## Task details
In the data below, find the line containing "Sellers on the" and the line containing "Kseniya Kids Brand", then reproduce them and every line between, exactly. Omit pictures.
**** Excerpted data
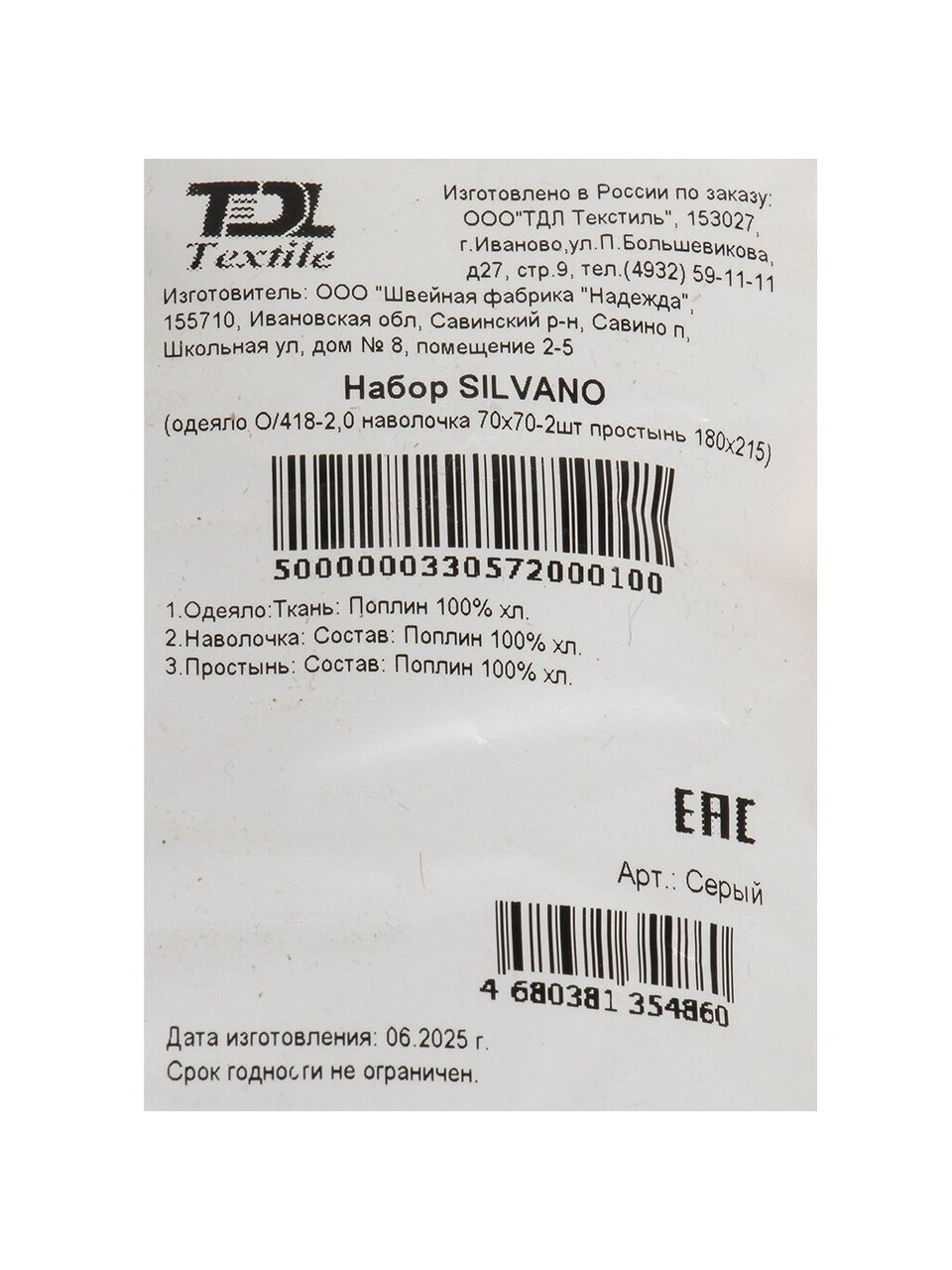 Комплект выполнен из 100% хлопка (поплин), пододеяльник без застёжки, что упрощает уход и использование.
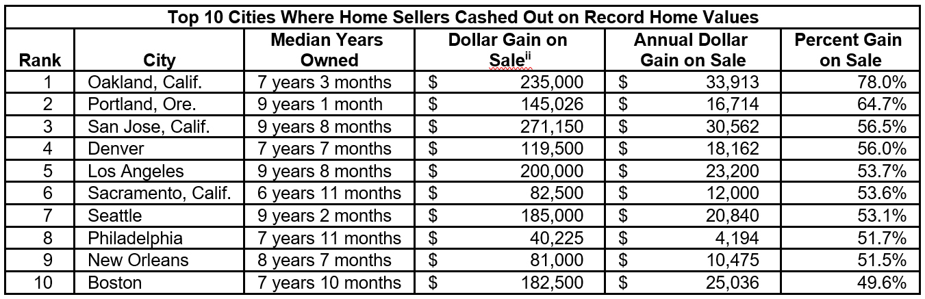 Sellers on the West Coast—where home prices have rocketed since the recession—saw higher returns, with those in Oakland, Calif., taking home the most at 78 percent, or $235,000.
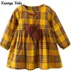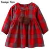 Kseniya Kids Brand Red Yellow New Autumn Girls Clothes England Style Plaid Fur Ball Bow Design Baby Girls Long Sleeve DressUSD 16.00-17.50
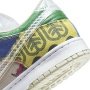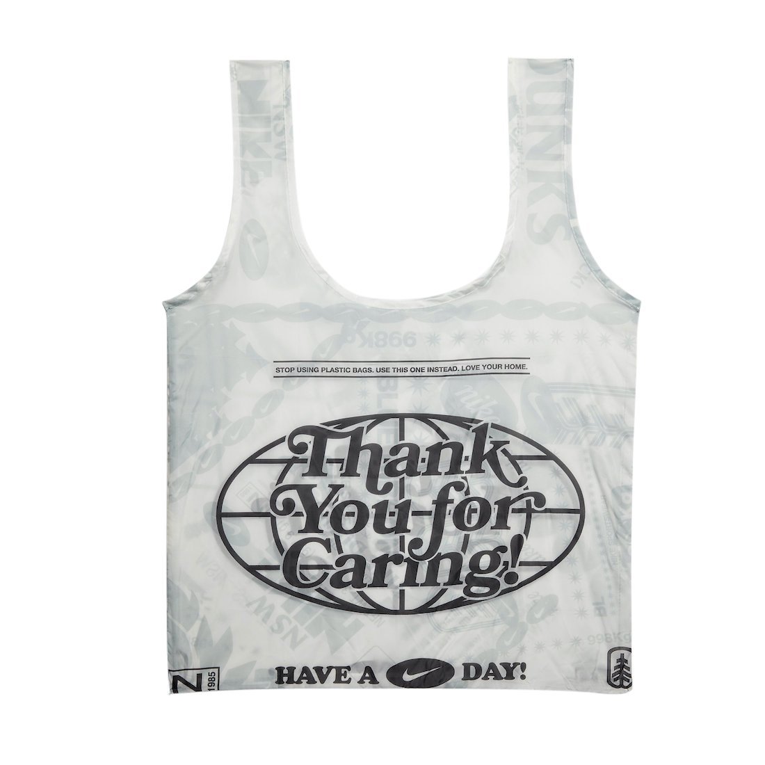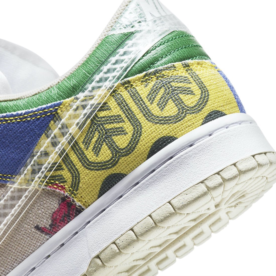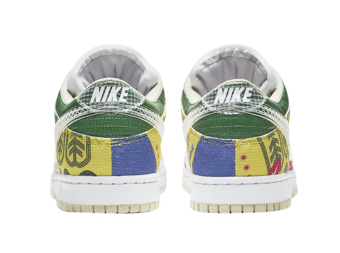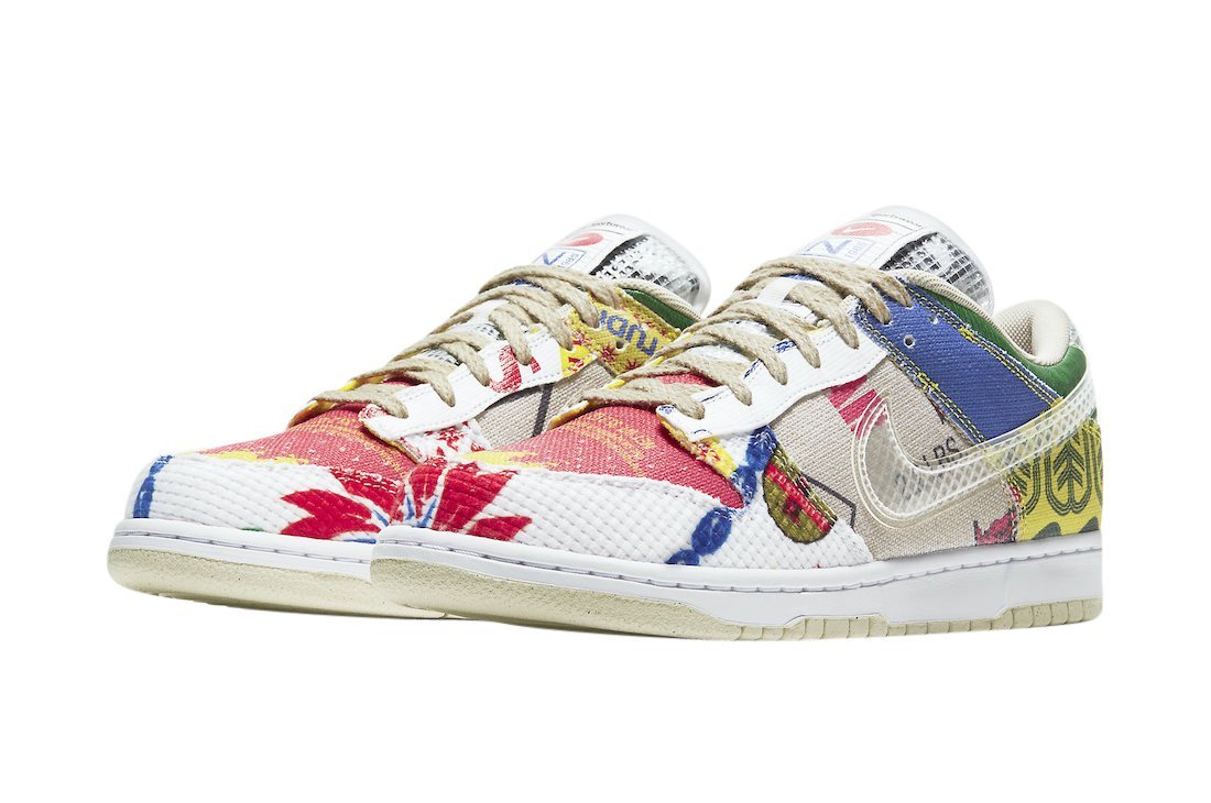The Nike Dunk Low SP City Market is composed of a variety of up-cycled materials. Each panel is constructed of a different canvas material, similar to the variety of bags one would see when passing by local vendors at a street market. The tongue contains a small, zippered compartment that is big enough to store a folded, reusable shopping bag – or anything worth keeping in a small bag. Following the market theme, the tongue label resembles the nutrition labels found on food packaging. Other details include a “Thank You For Caring” print on the insole, rope laces, and a white and beige sole.
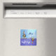 Animal Parade Holiday Giraffe está ficando festiva, toda esfolada em um chapéu vermelho de Papai Noel e uma coroa de férias da frente e atrás com planos de fundo azul texturizados. Marque você lavador de louça limpo (cabeças) ou sujo (caudas) e nunca mais fique confuso sobre seu ciclo de lavagem de louça.
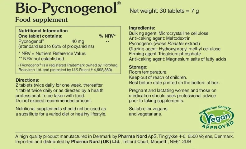 Studies demonstrate that Pycnogenol antioxidants are particularly effective for maintaining the healthy functioning of blood vessels and the eyes, and can help to support a normal response by the body to an allergic or inflammatory challenge. Pycnogenol tablets may also contribute to healthy skin by maintaining its strength, flexibility and suppleness to combat the ageing process.
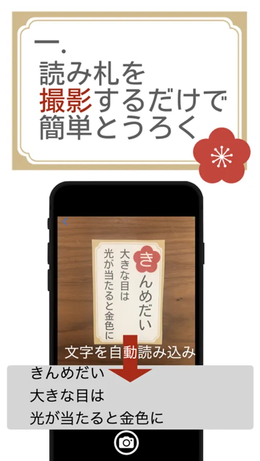 (一.)読み札をカメラで撮影するだけで、読みを簡単に登録できます(自動文字認識)
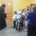 Затем два архиерея поблагодарили детей и воспитателей за теплую встречу, пожелали детям крепкого здоровья и Божьего благословения, а также не забывать о Боге и обращаться к Нему в любых жизненных испытаниях, учиться благодарить Бога за все, что случается с ними в жизни, чтобы получить духовную пользу и изменить к лучшему свою жизнь, чтобы свет Рождественской звезды не покидал их души, а тепло святочных дней согревало их и они никогда не ощущали одиночества, а воспитателям пожелали Божией помощи в выполнении их миссии. Владыки окропили всех святой водой, вместе с детьми пропели молитву «Отче наш» и подарили им на память об этом светлом празднике иконки и раздали сладкие рождественские подарки.
********
## Response
 Sellers on the West Coast—where home prices have rocketed since the recession—saw higher returns, with those in Oakland, Calif., taking home the most at 78 percent, or $235,000.
 Kseniya Kids Brand Red Yellow New Autumn Girls Clothes England Style Plaid Fur Ball Bow Design Baby Girls Long Sleeve DressUSD 16.00-17.50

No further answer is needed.